NHS Tayside should brace itself for an exodus of foreign workers as a result of Brexit, health bosses have said in a new report.
The heads of Tayside’s staff governance committee told the health board that there is a “high risk” of staff quitting before and after the UK leaves the European Union.
A report presented to the board said: “There is a high risk that we will lose staff in the run-up to and after Brexit.
“People may choose to leave because they are unsure of their future position in the country.”
The health board has created a resilience group that will examine the “key concern” of recruiting workers after the UK leaves the EU in March.

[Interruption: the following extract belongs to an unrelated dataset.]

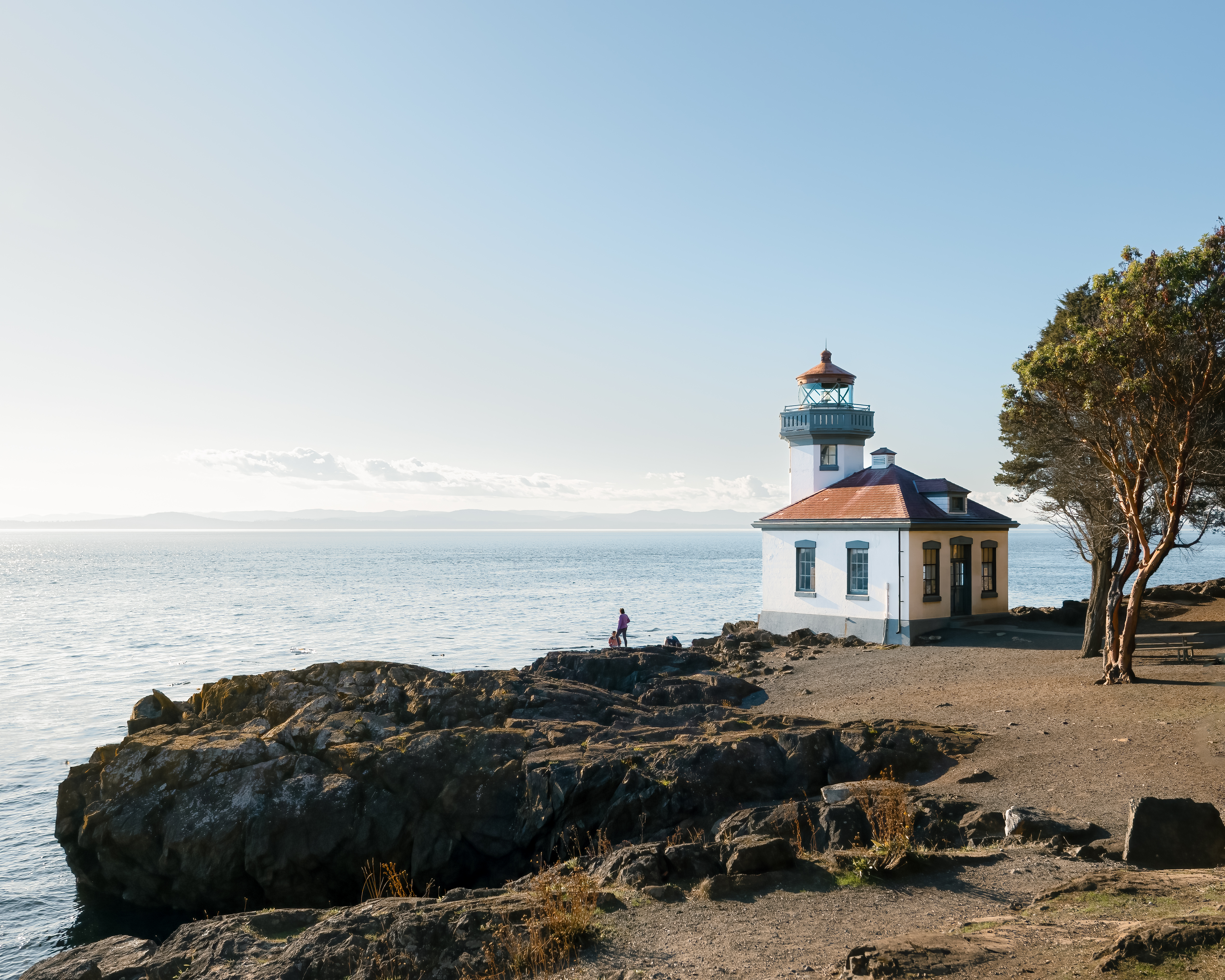 El pueblo de Friday Harbor tiene de todo tipo de tiendas locales con productos de gran calidad, hechos por artistas de la zona y muy bien curados. Tan pronto terminamos aquí con todo lo que íbamos a hacer, nos fuimos directamente a visitar el Lime Kiln Point State Park, que es donde queda ubicado uno de los faros de esta isla y donde también ocurren avistamientos de ballenas. Para este parque necesitas el Discover Pass, que puedes comprarlo para 1 día o 1 año.

The report concluded: “The consensus was that NHS Tayside should do all it can to reduce concerns and let those staff know that there will be support provided to achieve settlement.
“Consideration needs to be given to reducing anxiety in the ethnic members of staff, providing a supportive process to help and maintain stability in the workforce.”
NHS Scotland does not publish data on the nationalities of staff.
However, an average of 5.6% of staff working across the NHS in England are from EU countries.
According to the most recent figures, more than 11,000 people are employed by NHS Tayside.
Any deal negotiated by the UK Government with the EU will be “crucial” to healthcare, according to Norman Provan, associate director of employment relations at the Royal College of Nursing Scotland.
He said: “Scotland, like the rest of the UK, depends on the contribution of EU nationals working in health and social care.
“Scotland must be able to continue to attract and retain the highly skilled nursing workforce needed to provide safe, high quality care to people across Scotland.
“The settlement that the UK Government negotiates is crucial for the health and care sector.
“If the flow of nursing staff stops, this could cause a major problem for staffing in the NHS and other health and social care organisations.
“The impact of Brexit on the nursing workforce must be carefully considered to protect an already overstretched health service.”
A spokesman for the Department for Exiting the European Union declined to comment.